On the other hand, when a steel slab is manufactured by the method for manufacturing a steel slab of the present invention, fine segregation is dispersed in the center by flowing molten steel in the thickness center before solidification. If the time point at which the molten steel flows exceeds 70% of the completion of solidification, the flow of the molten steel is difficult, whereas when the time point is less than 30%, Mn is dispersed throughout the steel slab, and it is difficult to form fine Mn segregation.

reheat

The manufactured steel slab can be heated in a temperature range of 1100 to 1300° C. for 2 hours or more.

The reheating temperature is a process of heating a steel slab to a high temperature for hot rolling. When the reheating temperature exceeds 1300℃, scale defects not only increase, but also the austenite grains are coarsened to increase the hardenability of the steel, and the matrix structure It becomes upper bainite and the low-temperature toughness is lowered. On the other hand, if the temperature is less than 1100 ℃ or the reheating time is less than 2 hours, there is a problem in that the alloy elements are not sufficiently dissolved.

hot rolled

The reheated steel slab can be hot rolled at a hot-rolling finishing temperature of Ar3~Ar3+200℃, and a cumulative reduction ratio of 50% or more.

When the hot-rolling finishing temperature exceeds Ar3+200℃, the upper bainite structure is formed due to the increase in hardenability due to grain growth to reduce the low-temperature toughness, whereas when the temperature is less than Ar3℃, the cooling start temperature is excessively lowered. There is a problem that the matrix structure is a composite structure of air-cooled ferrite and upper bainite.

If the cumulative reduction ratio during hot rolling is less than 50%, recrystallization by rolling to the center does not occur, so there is a problem in that the grains in the center become coarse and the low-temperature toughness deteriorates.

Cooling

It is possible to start cooling the hot-rolled steel sheet at a temperature range of Ar3-50 to Ar3+100° C. and cool it to a temperature range of 300 to 600° C. at a cooling rate of 5 to 100° C./s.

When the cooling start temperature exceeds Ar3+100°C, it is difficult to secure the cooling end temperature, whereas when the temperature is less than Ar3-50°C, the matrix structure becomes a composite structure of air-cooled ferrite and upper bainite.

If the cooling termination temperature is less than 300 ℃, the MA fraction of the central portion increases, which adversely affects low-temperature toughness and hydrogen embrittlement.

In the present invention, the cooling rate is the cooling rate of the t/4 point (t: thickness of the steel sheet) of the steel sheet. If the cooling rate is less than 5 °C/s, the crystal grains in the center are coarsened, making it difficult to secure the strength and low-temperature toughness of the steel, whereas if the rate exceeds 100 °C/s, the matrix structure becomes upper bainite.
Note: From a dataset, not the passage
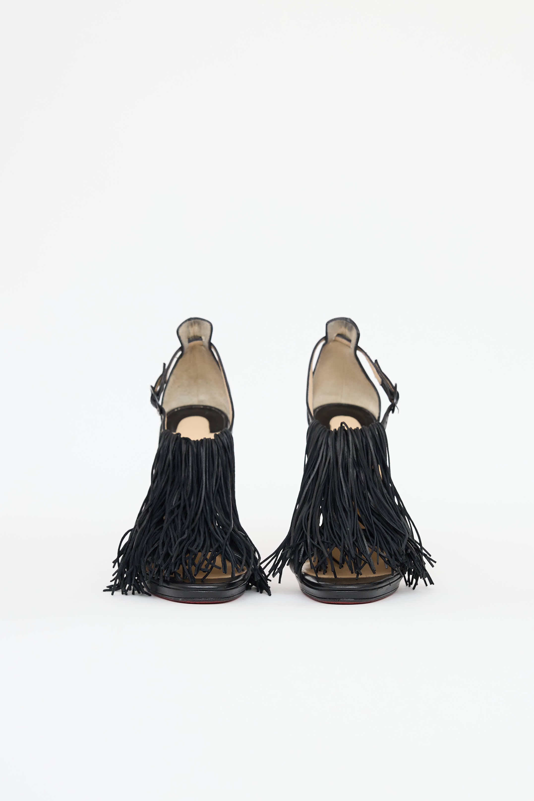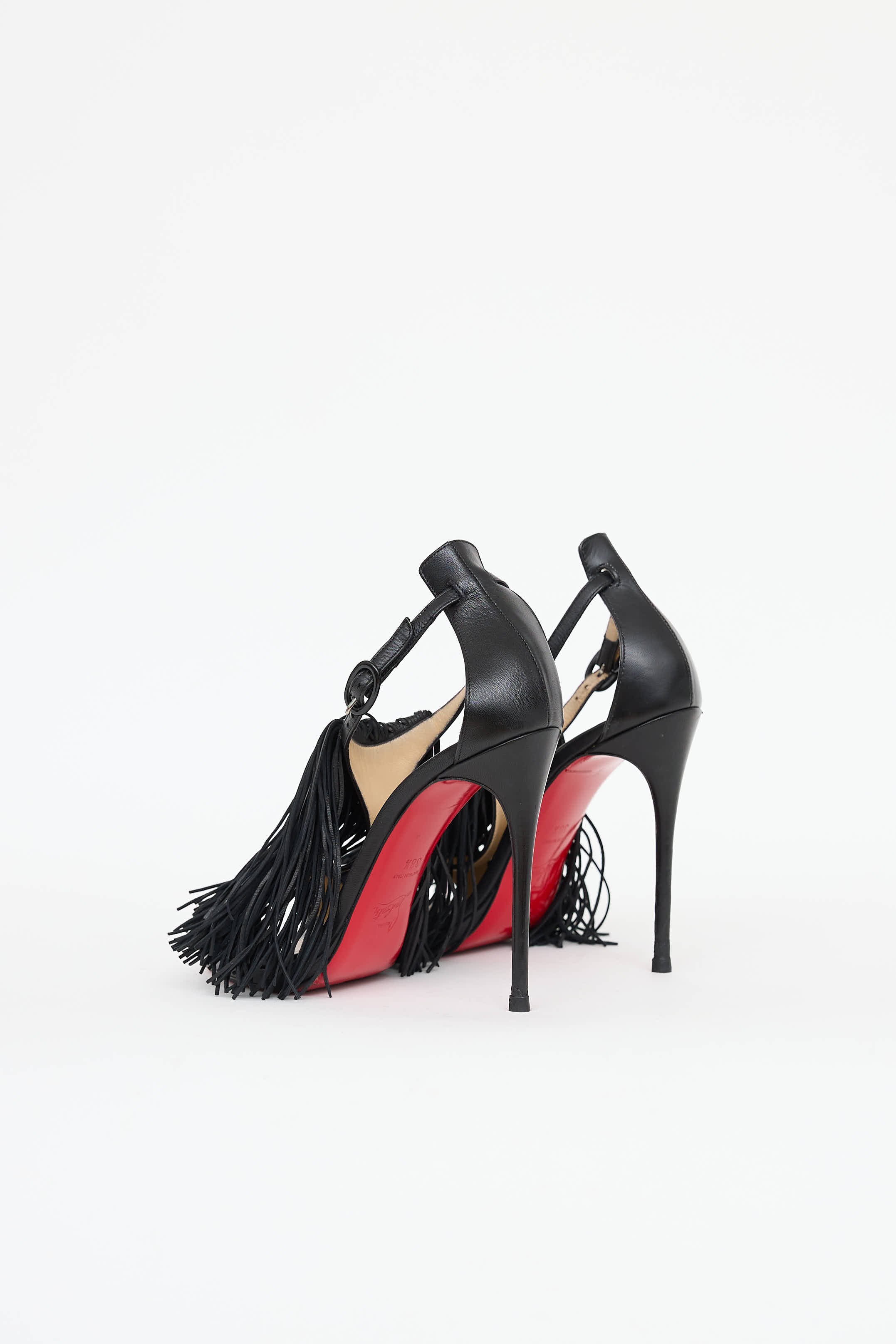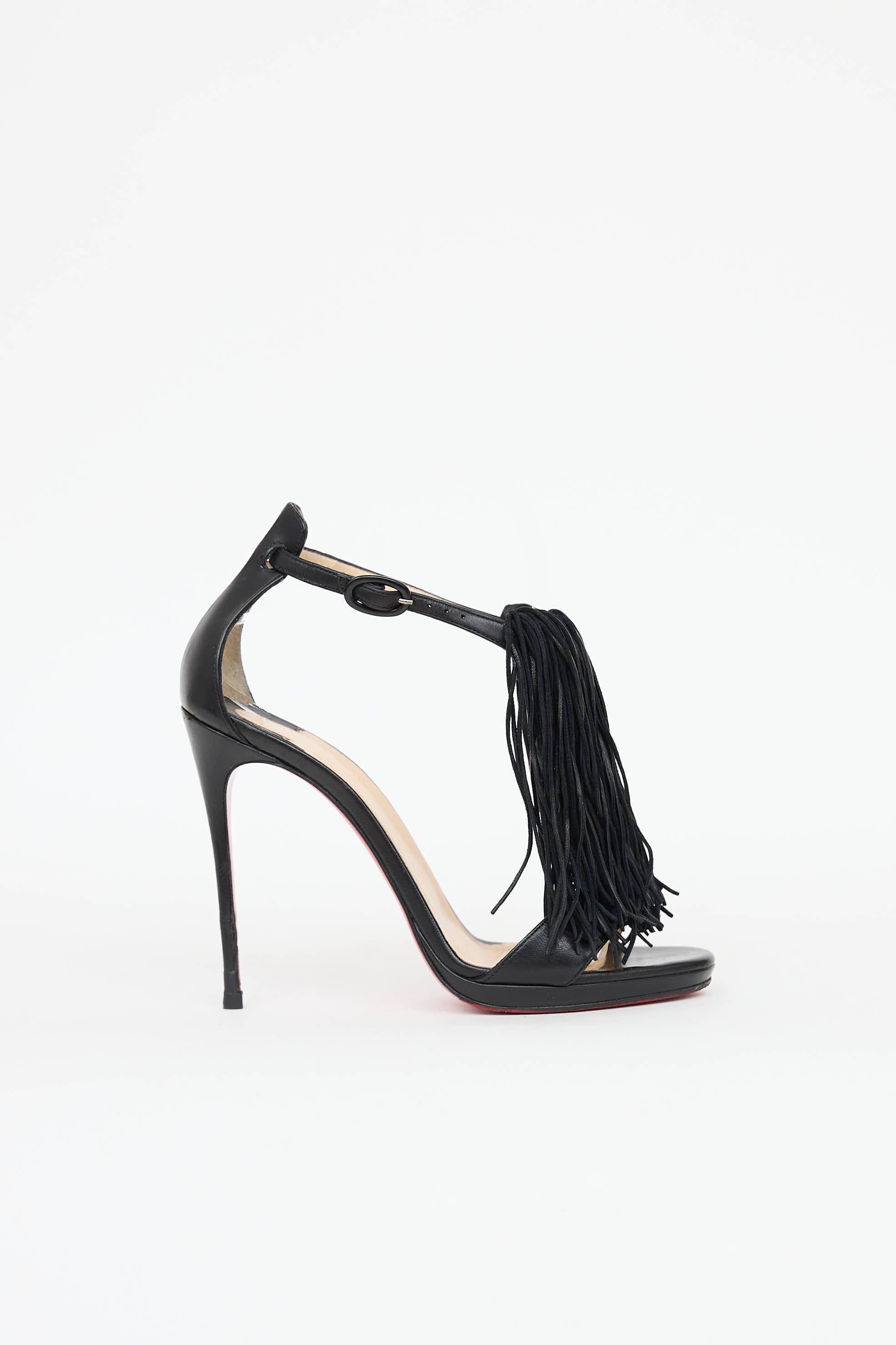 Pre-owned Christian Louboutin black Casanovella sandal featuring an almond open toe, leather uppers, T-strap with fringe detailing, adjustable buckle at ankle strap, covered stiletto heel, and signature red lacquered outsole.

The steel sheet of the present invention prepared as described above has a DWTT ductile fracture factor of 85% or more at -60°C, a yield ratio of 88% or less at room temperature, and a yield strength of 450 MPa or more. characteristics may be provided.

Hereinafter, the present invention will be described in more detail through examples. However, it is necessary to note that the following examples are only intended to illustrate the present invention in more detail and are not intended to limit the scope of the present invention.

(Example)

A steel slab having the composition shown in Table 1 below was cast, reheated, hot rolled, and cooled under the conditions shown in Table 2 to prepare a steel sheet. It is manufactured by the same process except that it follows the composition of Table 1 and the manufacturing process conditions of Table 2, and specifically, hot rolling is performed under the conditions of Table 2, but after rough rolling is performed under normal conditions, After rolling under the conditions shown in Table 2, cooling was performed. The molten steel flow time in Table 2 below was applied based on 100% of the completion of solidification.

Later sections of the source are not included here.